Friday, January 13, 2006

Shutterbug bite

The exit for Upney tube station is situated - as many of the eastmost stations on the District line are - on a bridge over the track, elevating it above the rest of the very flat alluvial plains north of the Thames on which the cheap worker housing was originally built. This gives a lovely vantage point for the occasional sights worth seeing, mostly fireworks and pollution-enhanced sunsets.

Tonight, as I was leaving the station, it gave me a clear view across the rooftops to a brilliant shaft of light stabbing down towards the park hidden behind the terraced houses from what I can only assume was a helicopter, as I could hear the syncopated percussion of blades but couldn't see the machine itself, it being well past sunset and all. I stood there for at least 5 minutes watching the spotlight, transfixed by the sight of the apparent pillar of unsupported luminescence dancing in the dark, before it occurred to me to snatch a picture of it with my mobile. All too quickly I discovered the abyss between a cameraphone and the real thing. All I could see in the display was the regular flash of a single pixel picking up the tail light on the chopper.
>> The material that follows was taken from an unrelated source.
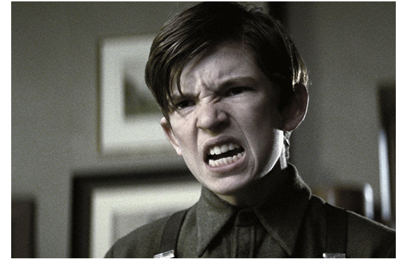 ポーランドには、アウシュヴィッツ他、全部で11ヶ所の強制収容所が設けられたが1944年の段階では8ヶ所。その どこかは不明だが、ある雨の降る夜、エリックと両親の3人が、他のユダヤ人たちと共に収容所へ向かう鉄条網の通路を歩いている。フェンスの中では、多くのユダヤ人が囚人のように働かされている。収容所に近付くと、子供だけ別にされてしまう。両親を含めて大人達が入っていった後に閉められた頑丈な鉄の門。両親と引き離されたエリックは、両親に向かって絶叫する(1枚目の写真)。そして、その絶望感と怒りで、閉じられた門は捻じ曲げられ、開き始める。それを止めようとした兵士に銃で頭を殴られ、エリックは気絶する(2枚目の写真)。その様子を、偶然、シュミット博士が窓から見ていた。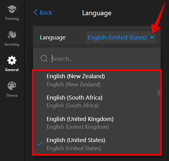In the Language section, you can change the text or language in your chat. Simply select your preferred language from the dropdown:

There was this moment of singular beauty, and it's relegated to the obscurity of my memory. I think I understood just then, just for a moment, the kind of mindset that drives photographers. What's more, sensitised by the event, the journey home became a series of still frames as my brain framed further shots. It wore off pretty quickly, but Ash, Stv, is this where you live? If so, how do you get anything else done? Why aren't you paralysed by the possibilities?